Games 34 through 36 - Mets
Mets 5, Brewers 4
Brewers 12, Mets 3
Mets 9, Brewers 1
If not famous, what made Milwaukee newsworthy over the first few weeks of the season was a dominance over the National League's wretched refuse, one that had catapulted them to the baseball's best record coming into the weekend. Thanks to the Mets, with a helping hand from the Curse of Peter Angelos, that's no longer the case. The Brew Crew's barstool still stands a little taller than the remainder of the Senior Circuit, and they're still seven games and counting better than the five other NL Central "teams," none of whom can claim a .500 record. That said, the Metropolitans' series win gave the Brewers notice that the road to the pennant may prove bumpier than the cruise control straightaway of the first six weeks.
Make no mistake, Milwaukee can mash the ball, and in flashes they illustrated the top-to-bottom prowess at the plate that will keep them in any game. The Mets' starters, however, managed to keep a lid on things most of the way. Jorge Sosa, Mike Pelfrey, and Ollie Perez posted a 3.15 ERA over the weekend; Pelfrey suffered the worst damage, 4 ER in 5 IP, and that outing bought his ticket to New Orleans for him.
The bullpen struggled mightily, however. The Mets relievers kept whipping their heads around towards the bleachers like they were celebrating the 20th anniversary of the "Bad" video. The answer to "Who's bad?" this weekend was fairly obvious. Friday night Errant Heilman made everything a lot more interesting when he served up a two-run shot to J.J. Hardy. The next day, a 4-3 deficit in the middle innings became . . . well you saw the final score. Pedro Feliciano, Joe Smith, and Scott Schoeneweis (walked into a bar?) surrendered eight runs over the final pair of frames in a scene not seen since the days of Dan Wheeler's Blanket Party Bingo. Hardy's grand slam may have at last impressed upon the Mets that he's not the hole in the Brewer lineup they might have figured.
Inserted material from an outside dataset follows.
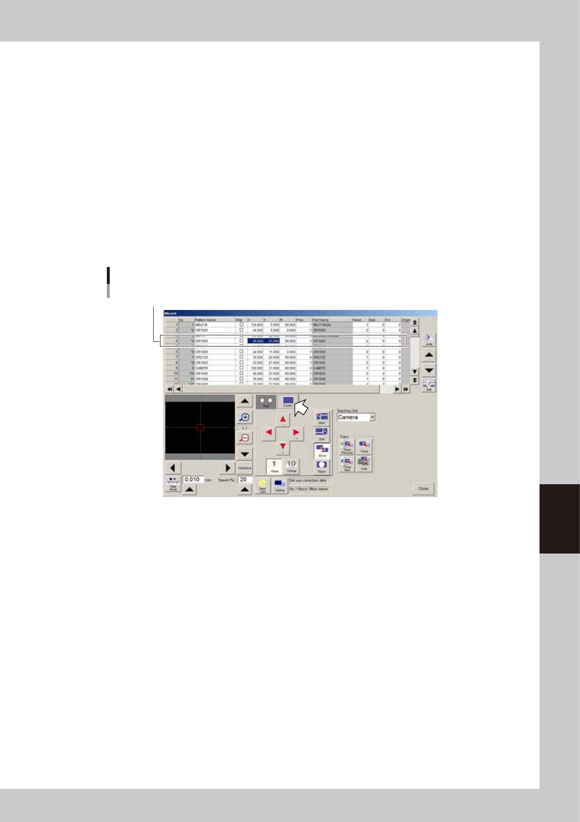 changes to a cross pointer. Place the cross pointer at the position you want to teach and press the left mouse button.
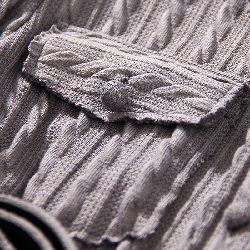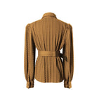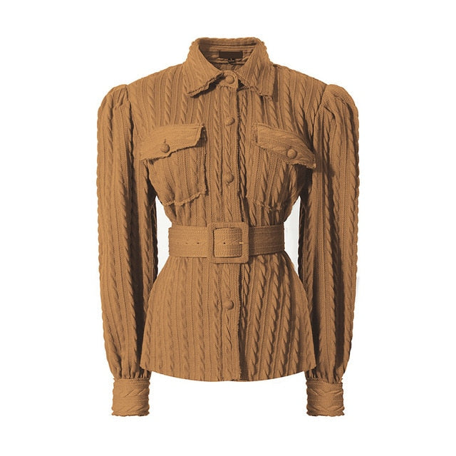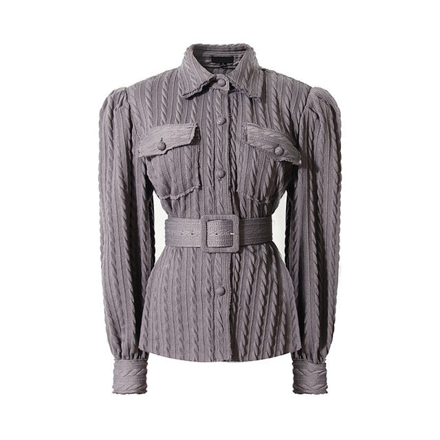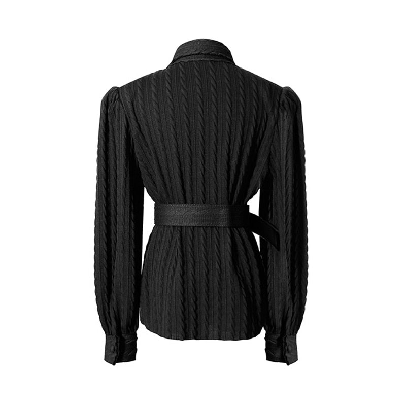 Camisa de poliéster de algodón sólido con cuello vuelto de manga larga con cierre de botonadura simple, bolsillo y adorno de cinturón

But it was just one loss, and in truth, the only lasting damage might have come in another ding in that old vessel H.M.S. Queen Moises. Prospectus Extraordinarius Carlos Gomez passed Pelf on the elevator last night, and the young outfielder's ascension -- and 2-for-4 with a double and 2 runs debut -- has the Township crossing fingers, what with Alou spotted performing the Ministry of Silly Walks sketch more often than not lately. As we saw with a certain unnamed OF hopeful last season, however, stirring big-league openings don't always have a lasting effect.
This afternoon the story, once again, was Oliver Perez. The story is always Oliver Perez when he pitches; sometimes it's a happy story, sometimes it's a horror story. Today he took a one-hit shutout into the ninth, added an RBI single to raise his average to .353, and looked electric. O.P. has displayed that electricity with some frequency this year -- it's just that every other outing, it seems that . . . O.P. shorts. (Sorry, really sorry.)
Well, I guess Perez was half of the story. The offense came alive against the previously unbeaten Chris Capuano, then gave the Crew a taste of their own medicine when Milwaukee reliever Elmer Dessens came unglued. (Thanks, same show 8 and 11.) Everyone hit (save Julio Franco, who looked 84 instead of 48), but of note was Damion Easley continuing to make everyone forget Jose Valentin's bat, if not his glove or moustache. He homered yet again, breaking open the scoring in the first inning. Dee-Dub also raised eyebrows by swiping three bags and adding fuel to the notion that his early-season stank is fading fast.
Oh, and Jose Reyes finally shaved his head. Good to have him aboard the train, leaving only Aaron Sele unshaven. Sele supposedly had a family portrait to have taken that precluded him from going the way of the shears. Now it's unclear what keeps him from joining his teammates in this silly solidarity. If it's the dread of receiving a head-shaving and an unconditional release within days, I'd say that's a fair point.
Two solid starts, six home runs, 27 hits, and a pair of wins over the NL's top dog. Not a bad weekend. Next up: the Cubs for four, the Yanks for three. These are two teams who shelled out a lot of money for their losing records to date. Two teams with plenty to be pissed off about. Two teams far better than their performance thus far. No letdown, boys.